Wednesday, April 30, 2014

Dams Dug on the Red River

Joseph Bailey
As the ships and men of Nathaniel Bank's Red River Expedition retreated, a serious problem was encountered. The water had fallen and Admiral David Porter could not get his ships over the Alexandria falls. There was only three feet of water, but the ships had an absolute minimum of 7 foot drafts. This was a major issue, since if the ships could not continue sailing, the entire fleet and army would soon fall into Confederate hands. A solution was devised by Lieutenant Colonel Joseph Bailey, who had been a civil engineer before the war. He suggested building a dam to raise the water level so the ships could sail over the rocks, and then destroy it so they could continue sailing down the river. Many officers thought this a harebrained idea, but Banks adopted it as the best option he had.
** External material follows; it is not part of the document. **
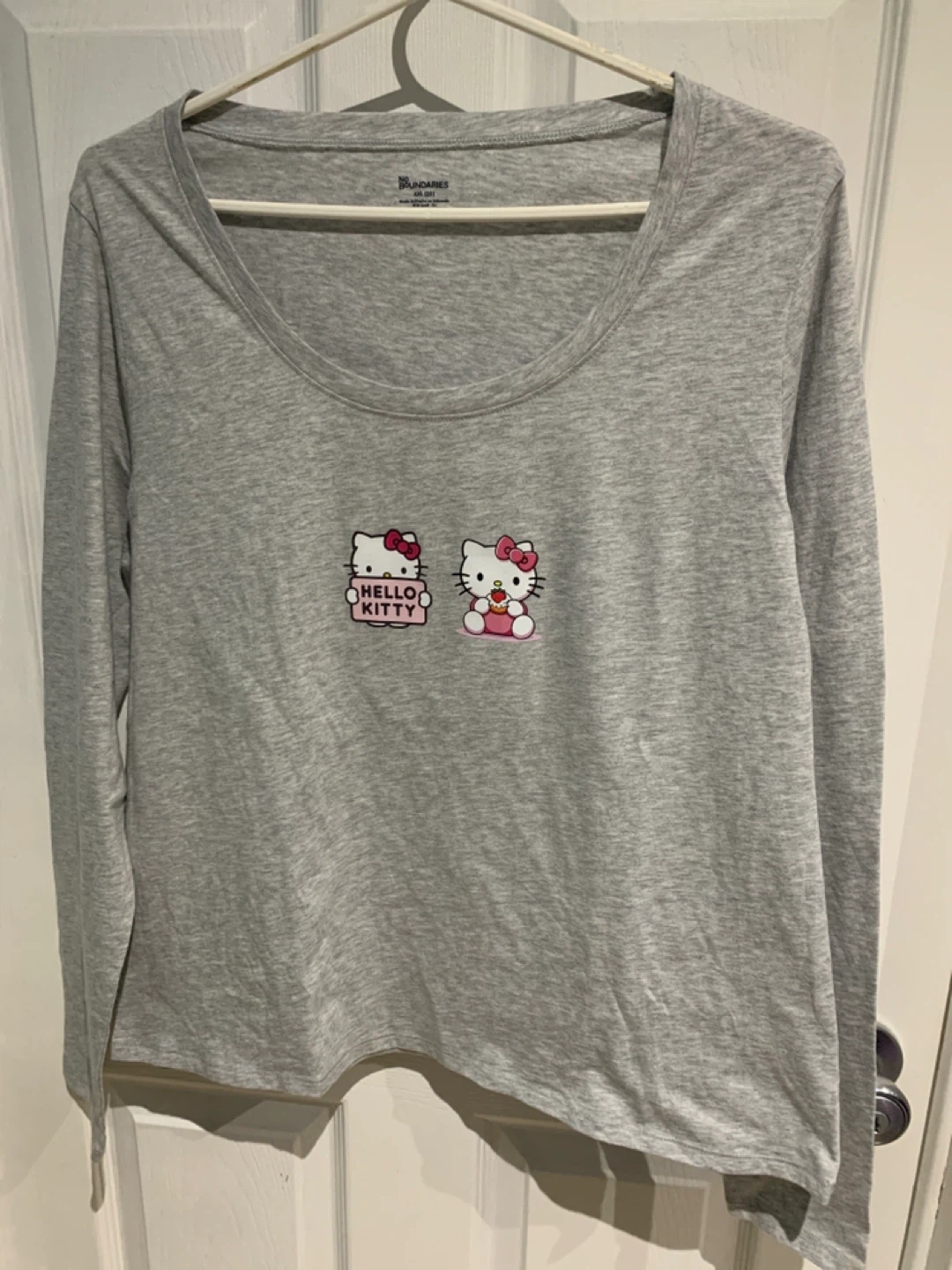 Grey long sleeve shirt with two Hello Kitty graphics on the front. Made of a soft cotton blend. This shirt is a size XXL

Remnants of the dam in 1984
The work was begun 150 years ago today, and for ten days the army worked hard on the dams, knowing they had little time to save the fleet. As the dam rose higher the water began to rise. But on May 9th at 5:30 am part of the dam broke away, and the water began to quickly rush out. Several of Porter's boats were able to sail down before the water fell too low, but some were still stranded above the falls. So Bailey ordered the men to repair the dam and build two smaller ones to release the pressure. This time the plan worked. The remaining ships crossed the falls, and the dam was breached on May 13th so the ships could sail down the river.

The dam
Bailey's Dam, as the work was called, was one of the greatest engineering feats of the entire Civil War. He was presented with a difficult problem, but was able to solve it and save the fleet and army. The government recognized the value of his service, and he received one of only fifteen votes of the Thanks of Congress given during the Civil War, and was the lowest ranking man to do so. Bailey served in the Western Theater for the rest of the Civil War, commanding at various times a brigade of engineers and a division of cavalry. After the war he moved to Missouri and was elected sheriff, and was killed on May 21, 1867 by two thieves while making an arrest. He was posthumously promoted to brevet major general as a recognition of his service to the United States.